#### PROBLEM STATEMENT:
Look below for the line containing "在一段简短的中文自我介绍后,小熊诚教授从" and the line containing "Холодильный стол Техно-ТТ", then set down both and every line between them exactly, without pictures.

#### RECORD SET:
++++
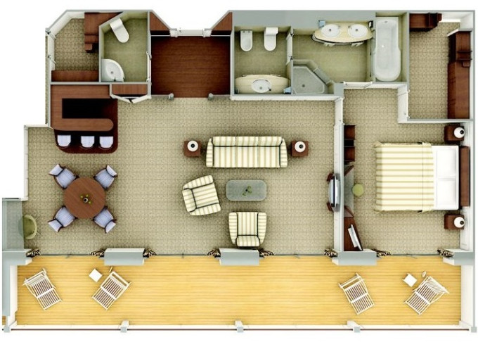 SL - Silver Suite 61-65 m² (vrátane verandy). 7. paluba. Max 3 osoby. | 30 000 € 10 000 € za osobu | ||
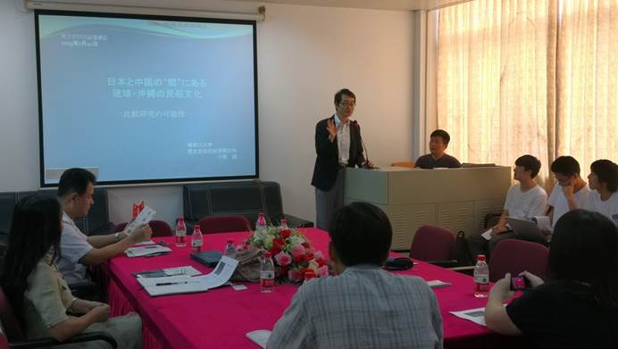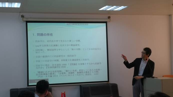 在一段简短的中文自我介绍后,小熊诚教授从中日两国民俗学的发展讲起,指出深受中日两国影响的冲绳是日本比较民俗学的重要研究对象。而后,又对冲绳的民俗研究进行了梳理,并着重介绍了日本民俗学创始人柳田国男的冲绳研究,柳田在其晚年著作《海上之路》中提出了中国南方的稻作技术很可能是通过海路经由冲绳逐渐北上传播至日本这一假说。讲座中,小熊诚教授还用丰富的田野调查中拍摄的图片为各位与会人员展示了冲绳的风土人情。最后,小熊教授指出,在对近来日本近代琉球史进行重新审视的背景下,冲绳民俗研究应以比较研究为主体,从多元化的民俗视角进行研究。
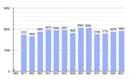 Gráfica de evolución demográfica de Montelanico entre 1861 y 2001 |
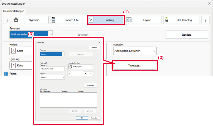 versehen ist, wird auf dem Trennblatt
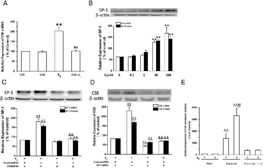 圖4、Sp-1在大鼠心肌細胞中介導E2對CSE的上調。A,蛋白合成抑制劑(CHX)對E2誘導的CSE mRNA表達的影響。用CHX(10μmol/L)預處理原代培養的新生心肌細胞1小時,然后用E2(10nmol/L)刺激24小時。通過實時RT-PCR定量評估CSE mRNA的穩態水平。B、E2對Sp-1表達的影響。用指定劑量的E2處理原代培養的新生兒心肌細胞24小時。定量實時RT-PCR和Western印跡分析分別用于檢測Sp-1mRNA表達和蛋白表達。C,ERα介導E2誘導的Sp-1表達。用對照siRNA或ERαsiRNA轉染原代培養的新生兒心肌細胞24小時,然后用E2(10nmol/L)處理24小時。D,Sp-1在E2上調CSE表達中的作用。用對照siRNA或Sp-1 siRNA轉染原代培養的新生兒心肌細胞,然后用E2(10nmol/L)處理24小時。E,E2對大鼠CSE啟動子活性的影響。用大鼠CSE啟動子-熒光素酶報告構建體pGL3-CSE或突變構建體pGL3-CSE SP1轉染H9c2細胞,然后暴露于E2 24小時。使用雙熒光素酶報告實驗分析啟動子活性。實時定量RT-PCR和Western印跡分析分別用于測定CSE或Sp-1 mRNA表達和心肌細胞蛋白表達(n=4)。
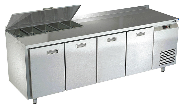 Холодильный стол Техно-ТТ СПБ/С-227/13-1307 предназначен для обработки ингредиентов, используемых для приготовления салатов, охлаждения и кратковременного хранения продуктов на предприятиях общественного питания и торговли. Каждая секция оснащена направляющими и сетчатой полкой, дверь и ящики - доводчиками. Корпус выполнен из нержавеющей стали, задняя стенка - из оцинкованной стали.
++++
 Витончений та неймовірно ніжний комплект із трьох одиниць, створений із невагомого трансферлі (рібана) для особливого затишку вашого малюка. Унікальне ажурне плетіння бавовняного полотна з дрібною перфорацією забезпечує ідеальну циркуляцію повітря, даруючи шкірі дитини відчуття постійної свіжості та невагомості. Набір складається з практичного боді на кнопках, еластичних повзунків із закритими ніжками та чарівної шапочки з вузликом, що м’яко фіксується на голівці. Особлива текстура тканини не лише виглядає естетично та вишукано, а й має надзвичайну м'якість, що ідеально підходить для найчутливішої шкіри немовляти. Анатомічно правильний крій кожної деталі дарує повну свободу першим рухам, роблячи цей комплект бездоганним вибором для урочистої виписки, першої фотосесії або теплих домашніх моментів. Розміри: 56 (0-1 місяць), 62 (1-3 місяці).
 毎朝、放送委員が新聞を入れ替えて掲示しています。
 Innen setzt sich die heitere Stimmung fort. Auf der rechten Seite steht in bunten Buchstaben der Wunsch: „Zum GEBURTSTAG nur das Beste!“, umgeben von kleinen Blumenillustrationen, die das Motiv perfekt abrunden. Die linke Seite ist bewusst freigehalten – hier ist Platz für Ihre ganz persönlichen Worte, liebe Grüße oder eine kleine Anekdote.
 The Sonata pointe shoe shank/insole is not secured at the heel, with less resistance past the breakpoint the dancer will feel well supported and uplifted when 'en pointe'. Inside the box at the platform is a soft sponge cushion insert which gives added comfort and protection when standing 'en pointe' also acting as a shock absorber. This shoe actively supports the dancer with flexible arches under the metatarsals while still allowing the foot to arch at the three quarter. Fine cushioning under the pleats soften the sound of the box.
++++
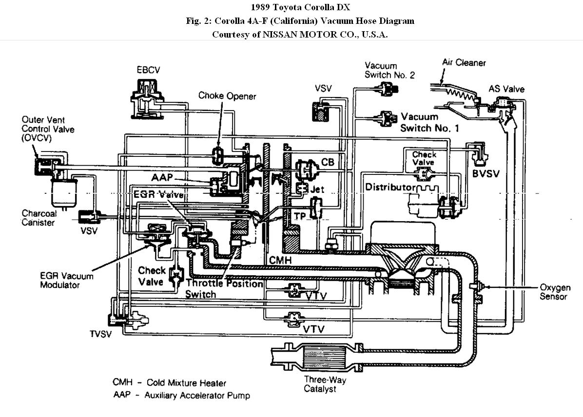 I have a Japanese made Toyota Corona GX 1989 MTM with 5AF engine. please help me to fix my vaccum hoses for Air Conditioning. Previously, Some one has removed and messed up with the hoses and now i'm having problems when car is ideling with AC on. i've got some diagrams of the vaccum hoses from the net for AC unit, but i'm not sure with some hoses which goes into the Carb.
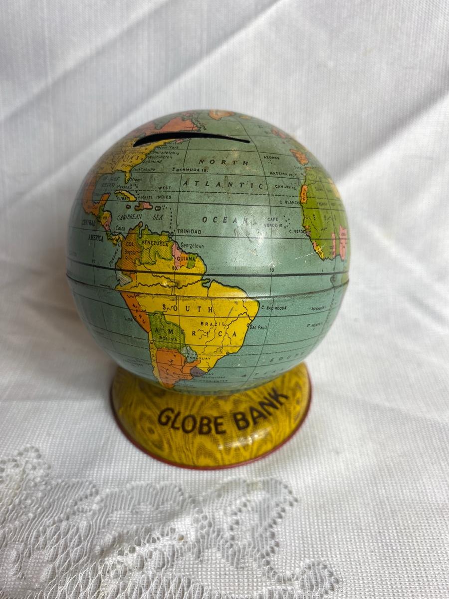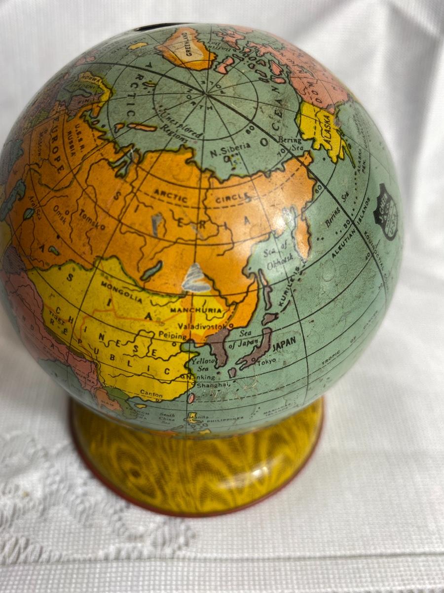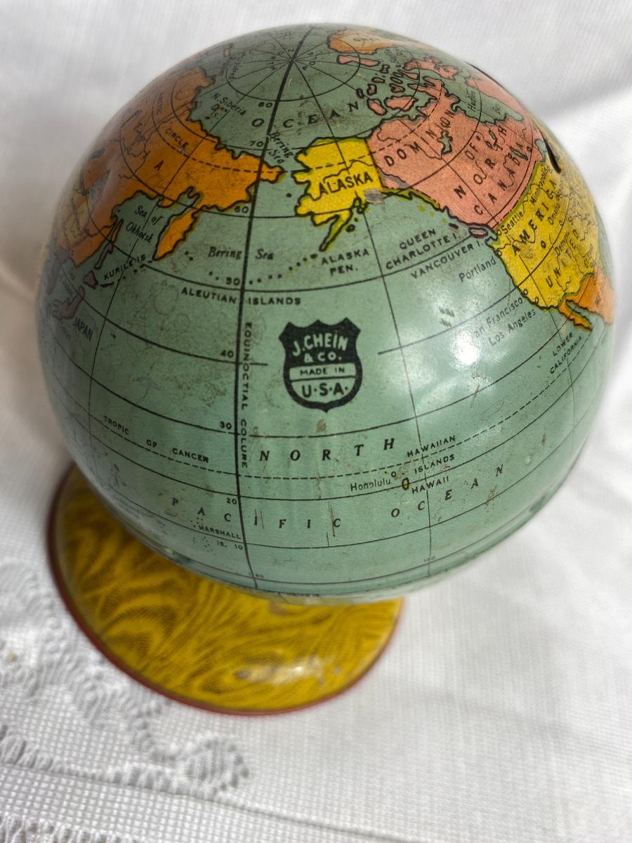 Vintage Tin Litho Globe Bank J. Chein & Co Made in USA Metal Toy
++++
#### EXERCISE RESULT:
 在一段简短的中文自我介绍后,小熊诚教授从中日两国民俗学的发展讲起,指出深受中日两国影响的冲绳是日本比较民俗学的重要研究对象。而后,又对冲绳的民俗研究进行了梳理,并着重介绍了日本民俗学创始人柳田国男的冲绳研究,柳田在其晚年著作《海上之路》中提出了中国南方的稻作技术很可能是通过海路经由冲绳逐渐北上传播至日本这一假说。讲座中,小熊诚教授还用丰富的田野调查中拍摄的图片为各位与会人员展示了冲绳的风土人情。最后,小熊教授指出,在对近来日本近代琉球史进行重新审视的背景下,冲绳民俗研究应以比较研究为主体,从多元化的民俗视角进行研究。
 Gráfica de evolución demográfica de Montelanico entre 1861 y 2001 |
 versehen ist, wird auf dem Trennblatt
 圖4、Sp-1在大鼠心肌細胞中介導E2對CSE的上調。A,蛋白合成抑制劑(CHX)對E2誘導的CSE mRNA表達的影響。用CHX(10μmol/L)預處理原代培養的新生心肌細胞1小時,然后用E2(10nmol/L)刺激24小時。通過實時RT-PCR定量評估CSE mRNA的穩態水平。B、E2對Sp-1表達的影響。用指定劑量的E2處理原代培養的新生兒心肌細胞24小時。定量實時RT-PCR和Western印跡分析分別用于檢測Sp-1mRNA表達和蛋白表達。C,ERα介導E2誘導的Sp-1表達。用對照siRNA或ERαsiRNA轉染原代培養的新生兒心肌細胞24小時,然后用E2(10nmol/L)處理24小時。D,Sp-1在E2上調CSE表達中的作用。用對照siRNA或Sp-1 siRNA轉染原代培養的新生兒心肌細胞,然后用E2(10nmol/L)處理24小時。E,E2對大鼠CSE啟動子活性的影響。用大鼠CSE啟動子-熒光素酶報告構建體pGL3-CSE或突變構建體pGL3-CSE SP1轉染H9c2細胞,然后暴露于E2 24小時。使用雙熒光素酶報告實驗分析啟動子活性。實時定量RT-PCR和Western印跡分析分別用于測定CSE或Sp-1 mRNA表達和心肌細胞蛋白表達(n=4)。
 Холодильный стол Техно-ТТ СПБ/С-227/13-1307 предназначен для обработки ингредиентов, используемых для приготовления салатов, охлаждения и кратковременного хранения продуктов на предприятиях общественного питания и торговли. Каждая секция оснащена направляющими и сетчатой полкой, дверь и ящики - доводчиками. Корпус выполнен из нержавеющей стали, задняя стенка - из оцинкованной стали.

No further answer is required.